Commentary on the Heidelberg Catechism
The objections which the Papists bring against us in favor of the Invocation of the Saints.
The saints, on account of their virtues, are to be honored with the worship either of adoration (λατρεια) or of veneration (δουλεια). But it is not in the former sense that they are to be worshipped; because this form of worship is due to God alone, inasmuch as it attributes to him universal power, providence and dominion, which can be ascribed to God alone. Therefore veneration is due to the saints, or such worship as that which we ascribe to them for their holiness.
Ans. We deny the consequence; because the major proposition is incomplete; for besides the worship of adoration and veneration, which is the distinction here made, there is another kind of veneration, such as is proper to the saints, which is the acknowledgment and celebration of the faith, holiness and gifts for which they were distinguished, obedience to the doctrine which they taught, and an imitation of their lives and piety, concerning which Augustine says: “They are to be honored by imitation, but not by adoration.”  This veneration is due to the saints, and we have no desire to take it from them, whether living or dead; but, on the other hand, willingly attribute it to them according to the command of the Apostle: “Remember them which have the rule over you, who have spoken unto you the word of God; whose faith follow, considering the end of their conversation.” (Heb. 13:7.)
We also deny the minor proposition; because the distinction which they make between the worship of adoration and veneration is of no force, inasmuch as these are not different forms of worship, but one and the same; neither do they belong to the saints, or to any creature, but to God alone, because he knows and hears in all places and at all times the thoughts, the groans and desires of those who call upon him, and relieves their necessities.

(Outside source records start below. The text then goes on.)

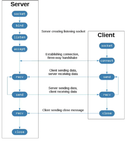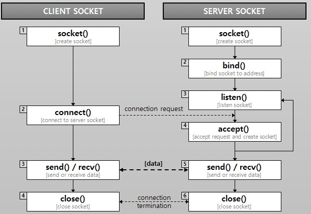 소켓은 클라이언트 소켓과 서버 소켓으로 구분되며, 소켓간 통신을 위해서는 네트워크상에서 클라이언트와 서버에 해당되는 컴퓨터를 식별하기 위한 IP주소와 해당 컴퓨터내에서 현재 통신에 사용되는 응용프로그램을 식별하기 위한 포트번호가 사용됨
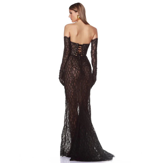 Strapless Lace Black Tie Gown Dress with Matching Lace Gloves
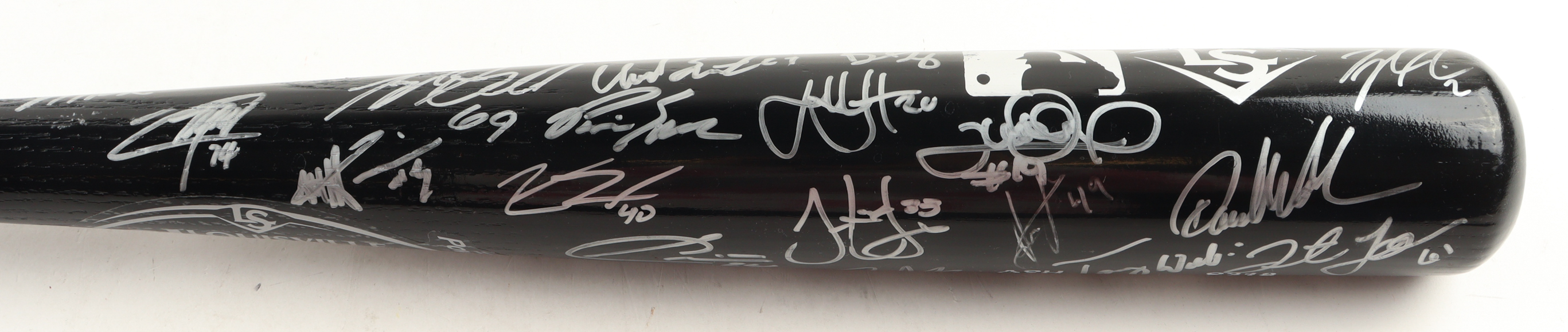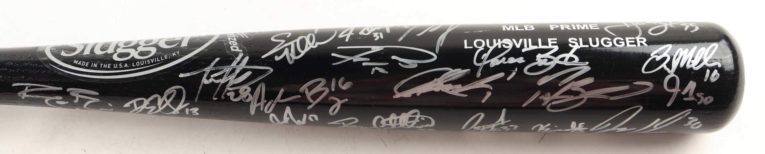 Louisville Slugger MLB Prime baseball bat. Hand-signed by (34) with include Ryan Castellani, Chad Smith, Dave Burba, Shelley Duncan, Daulton Varsho, Tyler Nevin, Sam Hilliard, Jazz Chisholm, Drew Ellis, Griffin Jax, Kevin Ginkel, Travis Blankenhorn, and Jon Duplantier and (21) others. Please note, there is some scuffing on the bat.
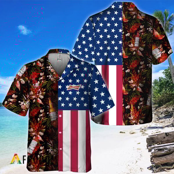 Budweiser Beer Hawaiian Shirt For Men – Us Flag Tropical Flowers Design – Patriotic 4th Of July Gift For Dad
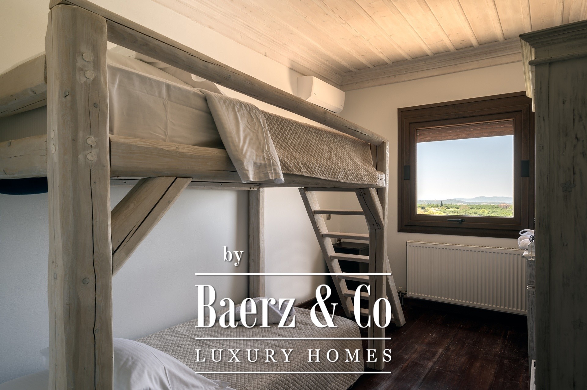 storage room - laundry room and an enclosed garage for two vehicles. Outside, the pool area stands out, which is surrounded by wooden decks and the beautifully landscaped garden and the covered BBQ area with a traditional wood-fired oven. The property has oil heating, air conditioning units for cooling, quality wooden shutters with double glazing, alarm, the internal staircase is made of iroko wood, the floors of the floor are made of oak wood and it is worth noting that the property will be delivered fully furnished and equipped. The property is suitable for permanent or holiday residence, as well as for exploitation due to its ideal location, close to the golf courses and numerous archaeological sites and unique attractions.
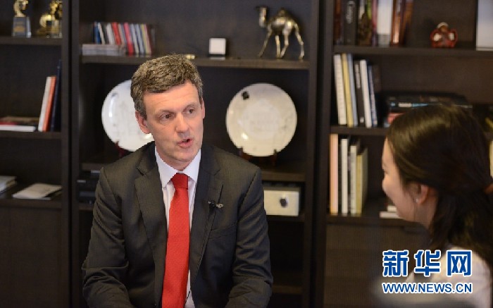 比利時(shí)王國駐華大使馬懷宇接受新華網(wǎng)專訪。新華網(wǎng)記者郭小天攝

No one but God can hear those who call upon him. Therefore this honor must be ascribed to him alone, because he hears them that pray. This honor belongs also to Christ, because it is on account of his merits and intercession that God grants unto us the forgiveness of sins, eternal life and all other good things. Hence this honor cannot be transferred to the saints without manifest sacrilege and idolatry, whether it be under the name of adoration, or veneration, or whatever name it may be.

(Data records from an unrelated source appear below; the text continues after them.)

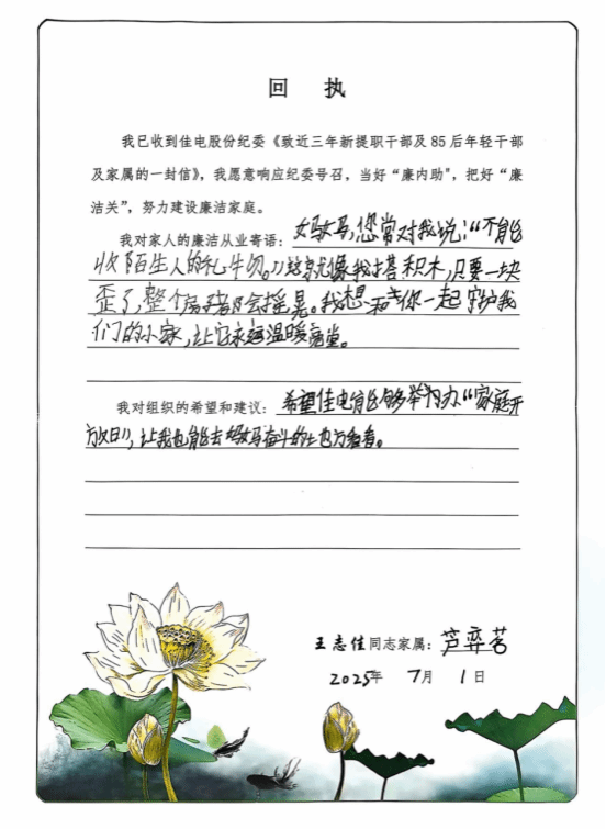 佳電股份將廉潔教育觸角延伸至“家庭”陣地,向近三年新提職干部、85后年輕干部及其家屬同步發(fā)放《家庭助廉倡議書》與《給年輕干部提個醒》廉潔讀本。倡議書中既有黨紀法規(guī)解讀,又含溫情寄語,旨在以家庭“小港灣”筑牢企業(yè)“大防線”。活動中,黨員干部與家屬共同研讀、深刻感悟,家屬們紛紛回信,字里行間滿是“廉潔齊家”的囑托與“慎終如始”的期許,讓清廉家風在企業(yè)中傳遞。
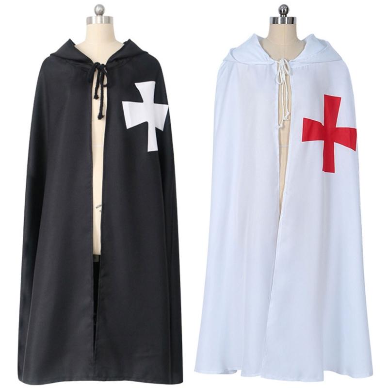 Medieval Cosplay Cloak Hospitaller Hooded Cape Medieval Cosplay Cloak Costume White/Black Cape Halloween Cloak Costume
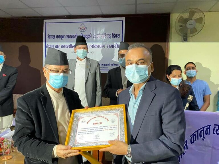 हिजो (बुधबार) नेपाल कानून व्यवसायी परिषद्को २८औं परिषद् दिवसको अवसरमा प्रधानन्यायाधीश चोलेन्द्र शमशेर जबराले डा. आचार्यलाई उक्त पुरस्कार प्रदान गरेका हुन् । पुरस्कार ग्रहण गर्दै डा. आचार्यले भनेका छन्,‘यो अवसरमा बार काउन्सिल, सम्माननीय प्रधानन्यायाधीश र सबै अग्रज शुभेच्छुकहरुमा आभार व्यक्त गर्दछु ।’

This distinction, too, which they make, is of no account, since the words are used indifferently in the original to signify the same thing, both in the Scriptures and in profane writers. Concerning God it is said (Matt. 4:10), “Thou shalt worship the Lord thy God, and him only shalt thou serve.” Here the Greek word λατρευσεις is used. And in Matt. 6:25, it is said, “He cannot serve God and Mammon;” in which place the word δουλευειν is used. Which word is also used in the following places, where it is said, “Ye turned to God from idols, to serve the living and true God.” “They that are such serve not our Lord Jesus Christ.” (1 Thes. 1:9. Rom. 16:18.) Paul also every where calls himself the “servant of God” (δουλον θεου). In the Greek text, “servile or slavish work” is every where termed λατρευτον. Suidas writes that λατρευειν means the same thing as to serve for wages. Valla shows that this same word signifies “to serve man” as well as “to serve God,” adducing a passage from Xenophon, where a man says that he is ready to risk his life, sooner than his wife should be made “to serve.” And the wife, on the other hand, says that she would rather lose her life, than that her husband should “serve,” where the word δουλευη on is used.
Hence these words upon which the Papists base the above distinction do not differ, but express one and the same thing.
We ought to honor those whom God honors. God honors the saints: “Ye shall sit upon twelve thrones, judging the twelve tribes of Israel.” (Matt. 19:28.) Therefore they are to be honored by us.
Ans. We admit the argument, in as far as it has respect to the honor which God attributes to the saints. In this, however, invocation is never included. God himself says, “I am the Lord: that is my name, and my glory will I not give to another, neither my praise to graven images.” (Is. 42:8.)
The hearing of our secret sighs and groans, which belongs to God by nature, is through grace communicated to the saints. Therefore they are to be invoked.
Ans. We deny the antecedent: for God does not communicate those properties by which he desires to be distinguished from creatures; such as immensity, omnipotence, infinite wisdom, seeing and knowing the heart, hearing prayer, &c.—these are properties which God communicates to no creature, neither by nature nor by grace. “For thou only knowest the hearts of the children of men.” (2 Chron. 6:30.)
God has communicated to the saints the power of working miracles, which is, nevertheless, a property belonging to himself alone. Therefore, he communicates to the saints at least some of the properties by which he is distinguished from creatures, so that they may have a knowledge of the thoughts and desires of those who pray unto them.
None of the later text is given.